La clôture du colloque s’est faite à deux voix sous le double sceau de l’hommage et de l’héritage. Ainsi Bertrand During nous propose une mise en intrigue d’une esthétique de l’action sportive en résonance avec une œuvre de Bernard Jeu, longtemps disparue et bientôt publiée : “Le Sport, l’Emotion, l’Histoire.” Achille, Hercule, la mythologie et les « choses d’Olympie » sont d’un temps révolu, et pourtant nous parlent de nous, de l’humaine condition. Il en va finalement de même pour l’art qui nous enseigne l’histoire d’une culture, qui nous raconte l’homme, et l’hymne de l’univers à travers lui. En écho aux propos de Bertrand During,

André Leclercq nous propose de concevoir l’avenir avec optimisme et nous invite à prendre d’une main ferme le témoin que transmettent ceux et celles qui nous donnent l’occasion de comprendre les dimensions visibles et encore invisibles de l’œuvre de Pierre de Coubertin. De Nice à Lausanne tout est prêt pour que le Comité Français Pierre de Coubertin soit l’objet de reconnaissances de la part du Comité International Olympique, dans la perspective des Jeux olympiques et Paralympiques de Paris 2024.

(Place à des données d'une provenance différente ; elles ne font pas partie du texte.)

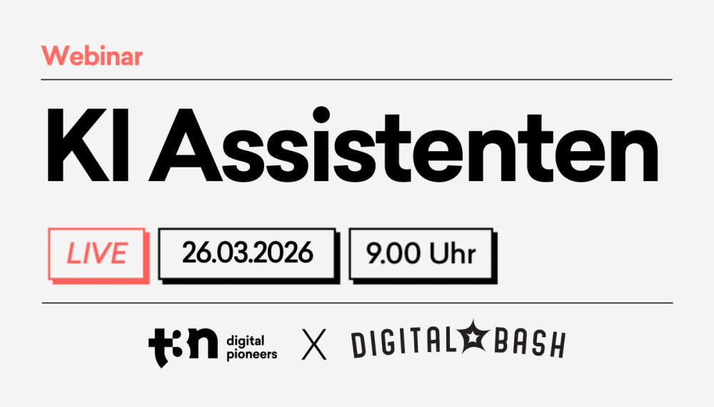 Das exklusive, kostenlose Event von t3n Skills und Digital Bash zum Thema KI Assistenten: Erfahre aus erster Hand, wie die neuesten Trends und Innovationen im Bereich KI erfolgreich im Unternehmen integriert werden können. Erhalte praxisnahe Einblicke und wertvolle Tipps, um mit KI deine tägliche Arbeit zu revolutionieren und die Arbeitswelt von morgen schon heute zu gestalten. Sei dabei und gestalte die Zukunft aktiv mit! Jetzt anmelden zu diesem spannenden Event.

De Lausanne à Paris tout est prêt pour que le Comité Français Pierre de Coubertin soit l’objet de sollicitations de la part du CNOSF afin de permettre aux notions d’Ethique, d’Héritage, de Culture, de Santé et d’Education de participer à l’efflorescence au cœur des organisations sportives de ce qui fonde les processus de Bien-Être et de Vivre Ensemble. Dans le cadre de programmes en lien avec le thème « Vivre plus fort ensemble », le CFPC, sur les rivages de la Méditerranée et sous le regard de Niké la déesse grecque de la victoire, est prêt à partager un souci commun: soutenir les rencontres des jeunes générations dans une perspective internationale afin de faire du dialogue interculturel un art de vivre.

Gilles Lecocq

(Prochain congrès en octobre 2023 à Calais).